Огромные глаза мальчика сияли. Его боль словно мерцала искорками синевы и янтаря в карих глубинах, она надрывала мне сердце, несмотря на мое равнодушие и обиду. Мне казалось правильным, что сын Томаса скорбит об отце. Так и должно быть.
— Он сказал, что ты честен и похож на него, и так оно и есть. Еще он сказал, что ты умен и упрям и что он хотел бы передать тебе, каким хорошим сыном ты ему был. Он очень гордился тобой.
Мальчик тихо вздохнул, чуть вздрогнув.
— Вскоре твой отец умер на моих руках. Я похоронила его у одинокого озера, с мечом в руках, как и подобает, покоиться Защитнику Лейрана. Когда ты подрастешь, если захочешь, я провожу тебя туда.

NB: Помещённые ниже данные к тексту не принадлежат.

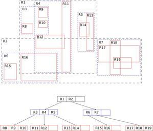 Keywords: R-tree.svg П име R-де ева Beispiel für einen R-Baum R-tree example Przykład R-drzewa Ejemplo de Árbol-R own Skinkie w en Radim Baca 2010-04-06 public domain R-tree
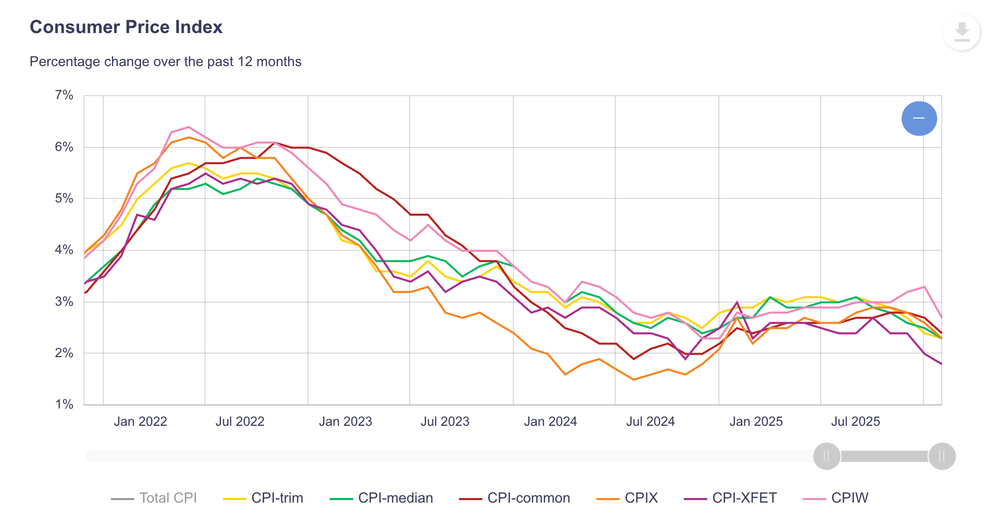 - 年度CPI通胀预计已跃升至2.5%,高于加拿大央行的目标。

Из шелкового зеленого мешочка, очень похожего на серый, который получила Филомена, я достала тяжелый золотой перстень с изображением четырех колец Стражей и вложила в руку мальчика.
— Теперь он твой. Когда придет время, носи его с достоинством, как твой отец и дед. Они не были безупречными людьми, но они всегда делали то, что считали правильным. Эта вещь означает великую ответственность, и ты должен научиться нести ее, как хотел бы твой отец.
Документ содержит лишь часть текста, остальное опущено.